* Supplied material:
________________________

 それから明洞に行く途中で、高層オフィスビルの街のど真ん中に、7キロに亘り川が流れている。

________________________

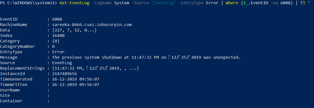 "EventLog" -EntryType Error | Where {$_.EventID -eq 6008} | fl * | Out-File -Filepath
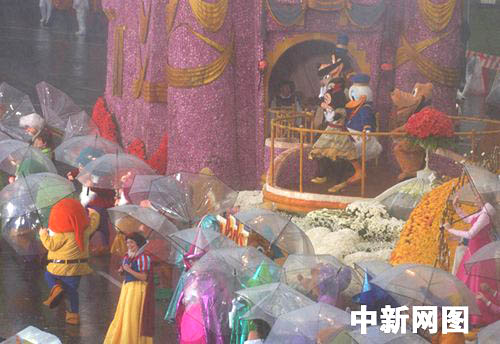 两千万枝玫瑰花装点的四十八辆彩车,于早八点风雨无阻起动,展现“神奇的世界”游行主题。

________________________

* What you have to do: Could you write out exactly the lines of the data above that run from the one holding "fl * | Out-File -Filepath" to the one holding "两千万枝玫瑰花装点的四十八辆", with both ends in and all pictures out?

* Result:
 "EventLog" -EntryType Error | Where {$_.EventID -eq 6008} | fl * | Out-File -Filepath
 两千万枝玫瑰花装点的四十八辆彩车,于早八点风雨无阻起动,展现“神奇的世界”游行主题。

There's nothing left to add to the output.